■ **Task to carry out**
Please repeat every record below exactly as written, but leave out the pictures.

··· Input

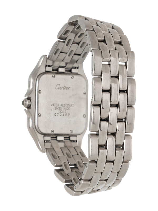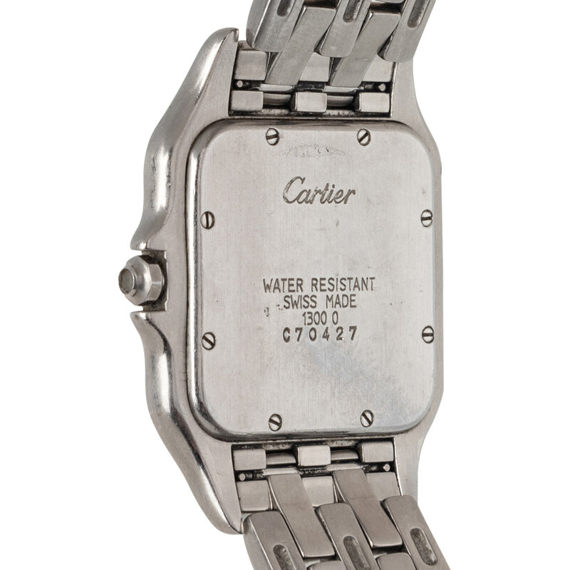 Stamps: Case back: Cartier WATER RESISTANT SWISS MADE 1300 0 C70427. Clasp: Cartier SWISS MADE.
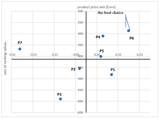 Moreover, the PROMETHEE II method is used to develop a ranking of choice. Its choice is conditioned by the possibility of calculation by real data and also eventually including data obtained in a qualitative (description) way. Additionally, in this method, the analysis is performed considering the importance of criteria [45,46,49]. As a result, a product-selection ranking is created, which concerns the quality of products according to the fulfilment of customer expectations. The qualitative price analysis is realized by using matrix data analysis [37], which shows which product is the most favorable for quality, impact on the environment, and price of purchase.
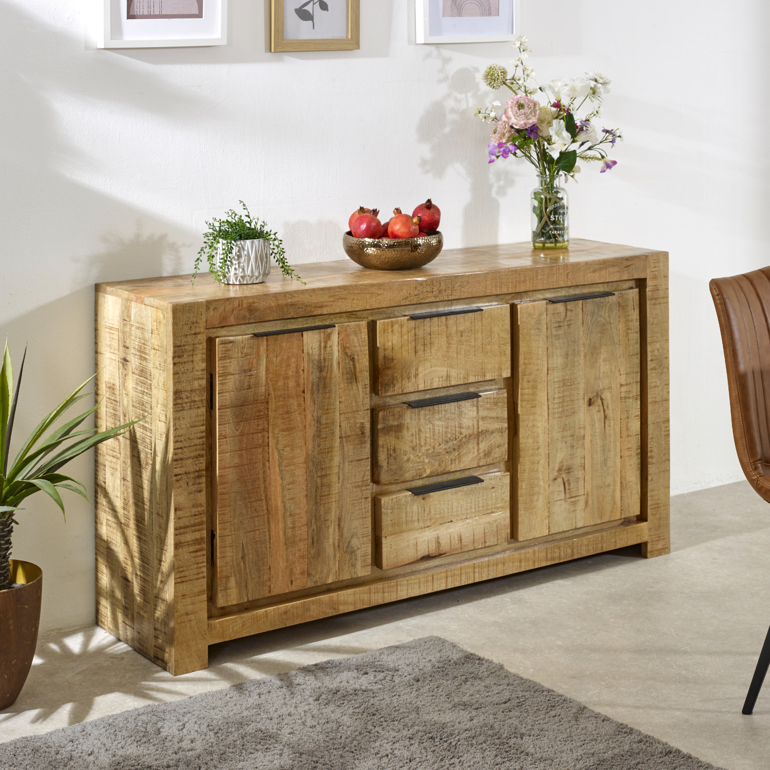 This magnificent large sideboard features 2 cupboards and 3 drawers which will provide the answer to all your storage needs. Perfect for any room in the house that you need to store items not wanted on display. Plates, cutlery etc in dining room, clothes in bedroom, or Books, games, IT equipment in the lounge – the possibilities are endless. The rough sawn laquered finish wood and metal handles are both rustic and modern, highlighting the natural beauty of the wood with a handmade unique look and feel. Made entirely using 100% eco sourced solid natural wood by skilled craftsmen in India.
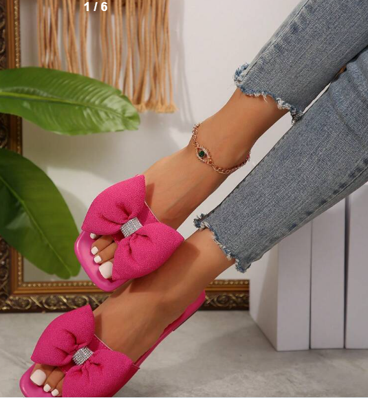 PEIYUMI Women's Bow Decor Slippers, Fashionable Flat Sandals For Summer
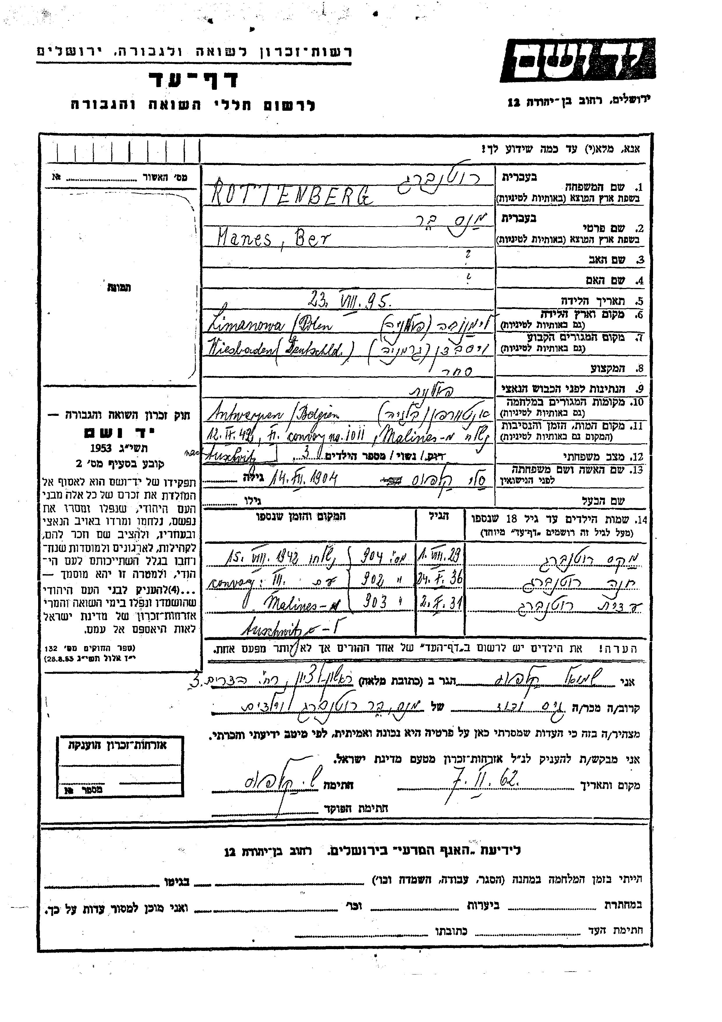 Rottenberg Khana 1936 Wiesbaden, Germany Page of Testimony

······

■ **Completed exercise**
 Stamps: Case back: Cartier WATER RESISTANT SWISS MADE 1300 0 C70427. Clasp: Cartier SWISS MADE.
 Moreover, the PROMETHEE II method is used to develop a ranking of choice. Its choice is conditioned by the possibility of calculation by real data and also eventually including data obtained in a qualitative (description) way. Additionally, in this method, the analysis is performed considering the importance of criteria [45,46,49]. As a result, a product-selection ranking is created, which concerns the quality of products according to the fulfilment of customer expectations. The qualitative price analysis is realized by using matrix data analysis [37], which shows which product is the most favorable for quality, impact on the environment, and price of purchase.
 This magnificent large sideboard features 2 cupboards and 3 drawers which will provide the answer to all your storage needs. Perfect for any room in the house that you need to store items not wanted on display. Plates, cutlery etc in dining room, clothes in bedroom, or Books, games, IT equipment in the lounge – the possibilities are endless. The rough sawn laquered finish wood and metal handles are both rustic and modern, highlighting the natural beauty of the wood with a handmade unique look and feel. Made entirely using 100% eco sourced solid natural wood by skilled craftsmen in India.
 PEIYUMI Women's Bow Decor Slippers, Fashionable Flat Sandals For Summer
 Rottenberg Khana 1936 Wiesbaden, Germany Page of Testimony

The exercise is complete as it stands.